There is no cure for HIV, but treatments are much more successful than they used to be, enabling people with the virus to stay healthy and live longer.
Emergency HIV drugs
If you think you have been exposed to the virus within the last 72 hours (three days), anti-HIV medication may stop you becoming infected.
For it to be effective, the medication, called post-exposure prophylaxis or PEP, must be started within 72 hours of coming into contact with the virus.
The quicker PEP is started the better, ideally within hours of coming into contact with HIV. The longer the wait, the less chance of it being effective.
PEP has been misleadingly popularised as a “morning-after pill” for HIV – a reference to the emergency pill women can take to prevent getting pregnant.
But the description is not accurate.
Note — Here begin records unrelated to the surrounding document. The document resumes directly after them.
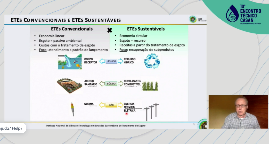 Em contrapartida, Chernicharo detalhou o funcionamento das ETEs sustentáveis. Enquanto a ETE convencional é baseada na economia linear, com o esgoto sendo considerado um passivo ambiental e um custo, com foco no atendimento ao padrão de lançamento; a ETE sustentável se baseia na economia circular, considerando o esgoto como recurso, obtendo receita a partir do tratamento, com foco na recuperação dos subprodutos.
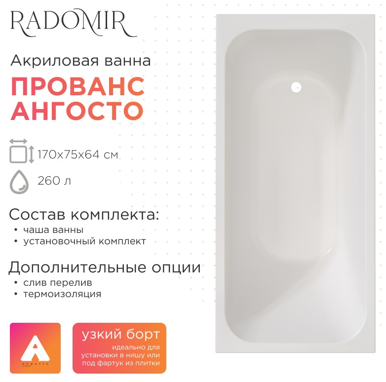 Акриловая ванна Radomir Прованс Ангосто 170x75 |
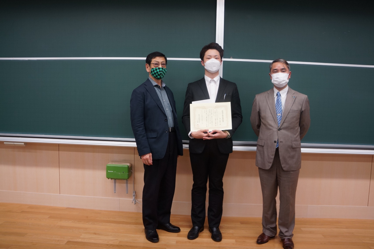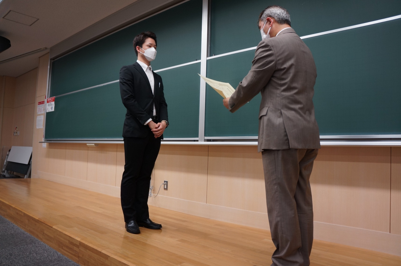 表彰式は経済学部教授会の冒頭で行われ、小峯 敦 経済学部長より賞状と記念品、経済学部同窓会からの副賞が贈呈された後、小峯学部長や竹中教授、受賞者のゼミ担当である大原教授からお祝いと激励のメッセージが送られました。
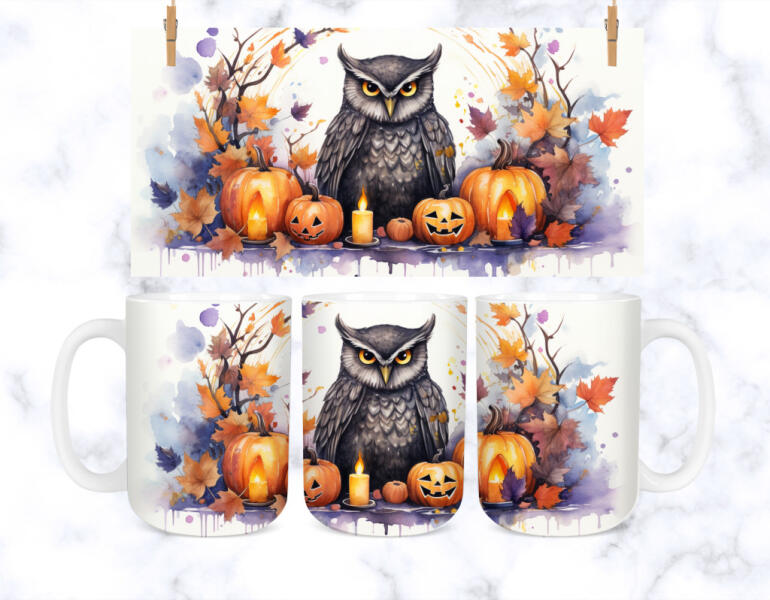 Halloweeni, őszi mintás baglyos bögre

PEP is a month-long treatment, which has serious side effects and is not guaranteed to work. The treatment involves taking the same drugs prescribed to people who have tested positive for HIV.
You may be able to get PEP from:
- sexual health clinics, or genitourinary medicine (GUM) clinics
- hospitals – usually accident and emergency (A&E) departments
- if you already have HIV, try your HIV clinic if the PEP is for someone you’ve had sex with
Not all these places in every part of the country will have PEP or be able to give it. GPs usually do not provide PEP.
Want to know more?
- Terrence Higgins Trust: post-exposure prophylaxis (PEP)
If you test positive
If you are diagnosed with HIV, you will have regular blood tests to monitor the progress of the virus before starting treatment.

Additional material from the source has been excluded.